If the behavior is incorrectly diagnosed, these children end up misdiagnosed with ODD, oppositional defiance disorder, and in some cases CD, conduct disorder.  Early intervention is necessary for proper diagnosis, leading to a deeper understanding of what these children need. 

Part of the therapeutic process is rewiring the brain, that is what we were able to do, in part, for my young patient by helping him understand his birth story.  He was able to think consistently in a different way about his fear of being left by his mother, there was a reason for it.  Consequently, creating new pathways for his brain to function. Overriding the old pathways that created so much anxiety.

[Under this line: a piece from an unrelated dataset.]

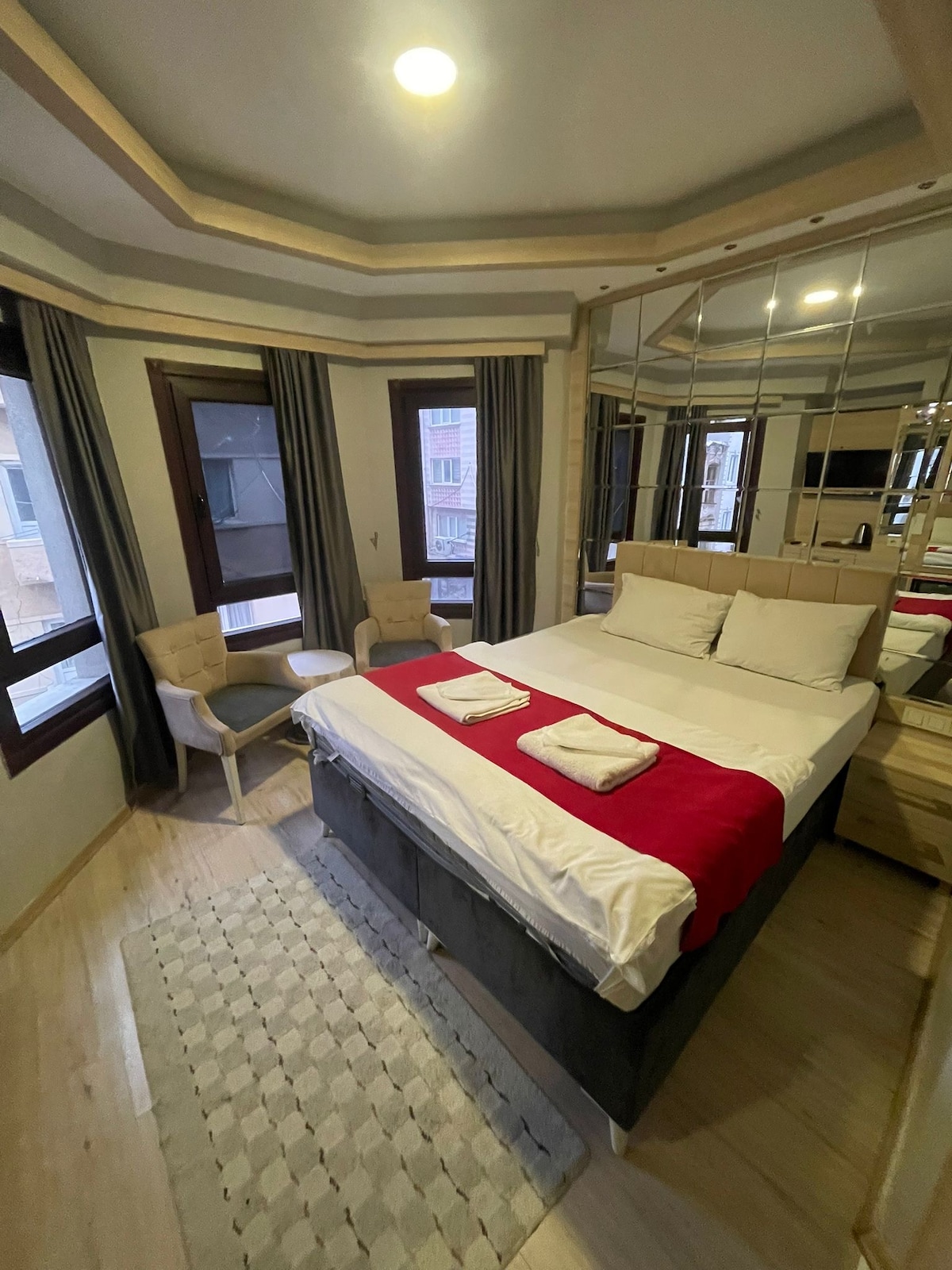 Leiligheten vår ligger i hjertet av det historiske og turistiske området i Istanbul. Leiligheten vår ligger 10–16 minutter unna til fots fra Den blå moskeen og Hagia Sophia. Du kan nå basilika-cisternen, Arasta-basaren, den historiske hippodromen, mosaikkmuseet, goodwill-cisternen, binbirdirek-cisternen, den lille Hagia Sophia-moskeen og mange andre historiske steder du må besøke ved å gå fra gaten vår på 10–15 minutter.

While the application of neuroplasticity in therapy is a growing field, it is very powerful. In understanding we can rewire our brain has amazing benefits and outcomes. This technique can positively affect almost all psychological struggles.  Rewiring the brain, just the idea that this is possible allows us to have agency over how we think, what we think and the behavior these misaligned thoughts create.  Suddenly with practice we can change our brains. An anxious child can learn to understand their thoughts, where they come from and after a time, create new ways of thinking, helping in quelling the anxious thoughts.

An adult who has negative thoughts, negative self talk can create new pathways of positive self talk creating highways of positivity.

Children who experience birth trauma and struggle with emotional development, which we can identify early and intervene by helping them regulate their feelings, thus learning how to co-regulate with our children is one way of building their executive function very early on.

Helping our emotionally immature children to create healthier more socially acceptable behaviors at the appropriate age will assist them in feeling more competent in school around their peers.

Assisting our children to use their executive function building it like a muscle, will benefit them all thru their lifespan.  But we need to be aware this is an issue. We need to know at birth they will likely in another few years start to show signs of their emotional deficit due to their birth trauma or ours. 

As adults we have skills and can seek support to cope with a birth trauma. However, our babies are undeveloped, and the damage done is so deep; they can’t tell us, and we can’t see it, and by all intents and purposes they react perfectly normally.  The warning signs don’t evolve until later as they mature in body and intelligence, but they don’t develop at the same rate, emotionally.